His book of criticism, (小説神髓, Shōsetsu Shinzui), helped free novels and dramas from the low opinion that the Japanese had of such literature. Tsubouchi's writings on realism in literature influenced Masaoka Shiki's ideas about realism in haiku. Tsubouchi's novel, (當世書生氣質, Tōsei Shosei Katagi), was one of the earliest modern novels in Japan.

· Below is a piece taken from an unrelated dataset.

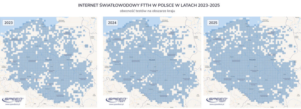 Zasięg światłowodu FTTH w latach 2023-2025 według SpeedTest.pl przedstawia poniższy rysunek:

His Kabuki play (桐一葉, Kiri Hitoha) was influenced by his studies of both the famous Kabuki and Jōruri (puppet theater) dramatist Chikamatsu Monzaemon and William Shakespeare. The play, in turn, influenced modern Kabuki. He also did a complete translation of the plays of Shakespeare, written in the old-fashion language of Kabuki.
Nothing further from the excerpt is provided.